H2a: The contribution to society mediates relation between the BDA and manufacturing performance (i) Higher productivity (ii) Higher job satisfaction (iii) Occupational health and safety in Indian MSMEs. H2b: The contribution to society mediates the relation between the cyber-physical systems (CPSs) and manufacturing performance (i) Higher productivity (ii) Higher job satisfaction (iii) Occupational health and safety in Indian MSMEs. H2c: The contribution to society mediates the relation between cloud computing and manufacturing (CC&M) and manufacturing performance (i) Higher productivity (ii) Higher job satisfaction (iii) Occupational health and safety in Indian MSMEs. H2d: The contribution to society mediates the relation between the IoT and manufacturing performance (i) Higher productivity (ii) Higher job satisfaction (iii) Occupational health and safety in Indian MSMEs. H2e: The contribution to society mediates the relation between the AM and manufacturing performance (i) Higher productivity (ii) Higher job satisfaction (iii) Occupational health and safety in Indian MSMEs.
H3a: The gender ratio mediates the relation between the BDA and manufacturing performance (i) Higher productivity (ii) Higher job satisfaction (iii) Occupational health and safety in Indian MSMEs. H3b: The gender ratio mediates the relation between the cyber-physical systems (CPS) and manufacturing performance (i) Higher productivity (ii) Higher job satisfaction (iii) Occupational health and safety in Indian MSMEs. H3c: The gender ratio mediates the relation between cloud computing and manufacturing (CC & M) and manufacturing performance (i) Higher productivity (ii) Higher job satisfaction (iii) Occupational health and safety in Indian MSMEs. H3d: The gender ratio mediates the relation between the IoT and manufacturing performance (i) Higher productivity (ii) Higher job satisfaction (iii) Occupational health and safety in Indian MSMEs. H3e: The gender ratio mediates relation between the AM and manufacturing performance (i) Higher productivity (ii) Higher job satisfaction (iii) Occupational health and safety in Indian MSMEs.

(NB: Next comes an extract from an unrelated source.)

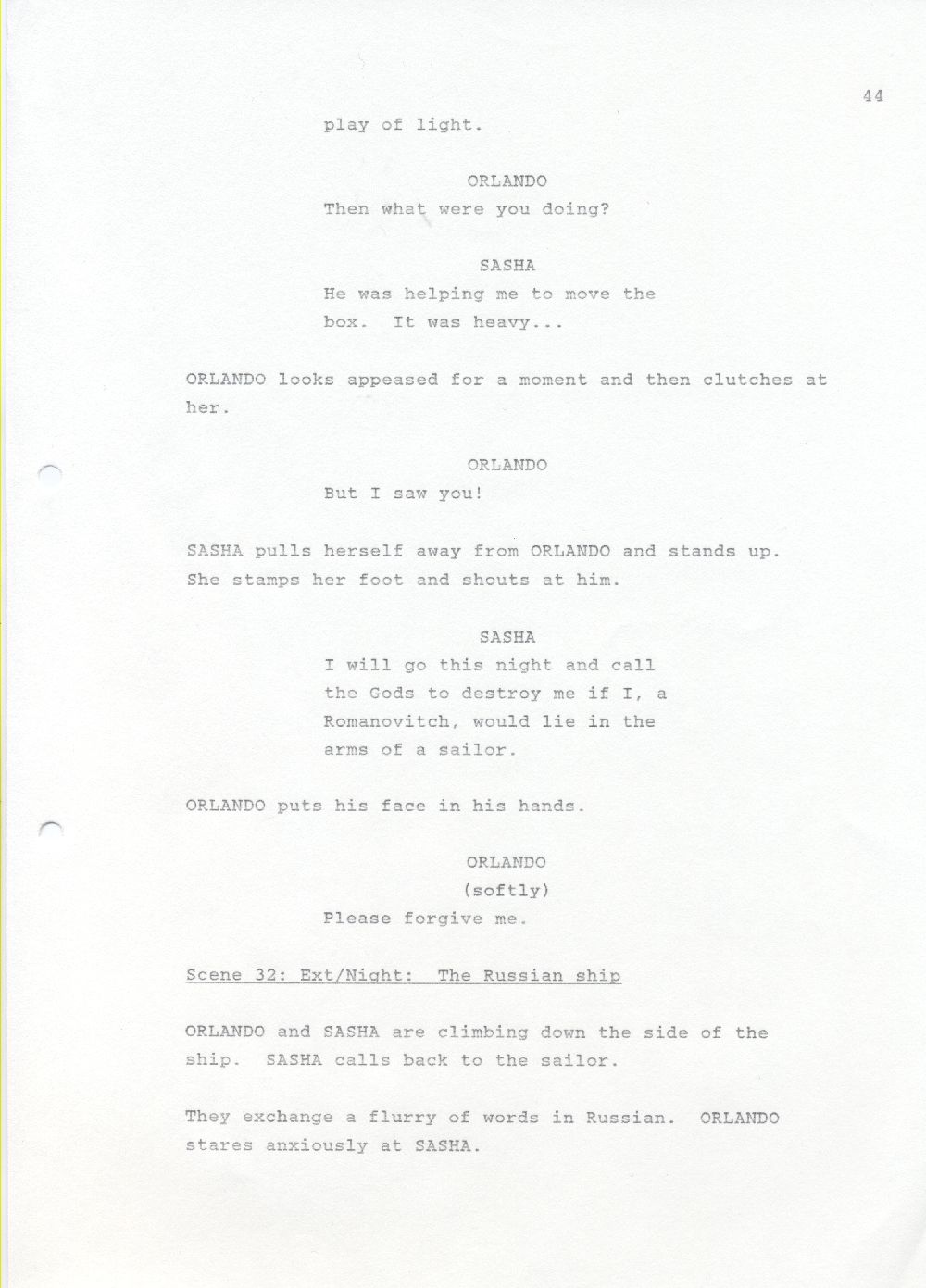 Description Black and white A4 computer printed, Paper, Revised draft of screenplay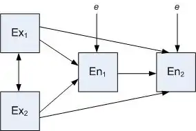 In the model below, the two exogenous variables (Ex1 and Ex2) are modeled as being correlated as depicted by the double-headed arrow. Both of these variables have direct and indirect (through En1) effects on En2 (the two dependent or 'endogenous' variables/factors). In most real-world models, the endogenous variables may also be affected by variables and factors stemming from outside the model (external effects including measurement error). These effects are depicted by the "e" or error terms in the model.

H4a: Employee satisfaction mediates the relation between the BDA and manufacturing performance (i) Higher productivity (ii) Higher job satisfaction (iii) Occupational health and safety in Indian MSMEs. H4b: Employee satisfaction mediates the relation between the cyber-physical systems (CPS) and manufacturing performance (i) Higher productivity (ii) Higher job satisfaction (iii) Occupational health and safety in Indian MSMEs. H4c: Employee satisfaction mediates the relation between cloud computing and manufacturing (CC&M) and manufacturing performance (i) Higher productivity (ii) Higher job satisfaction (iii) Occupational health and safety in Indian MSMEs. H4d: Employee satisfaction mediates the relation between the IoT and manufacturing performance (i) Higher productivity (ii) Higher job satisfaction (iii) Occupational health and safety in Indian MSMEs. H4e: Employee satisfaction mediates the relation between the AM and manufacturing performance (i) Higher productivity (ii) Higher job satisfaction (iii) Occupational health and safety in Indian MSMEs.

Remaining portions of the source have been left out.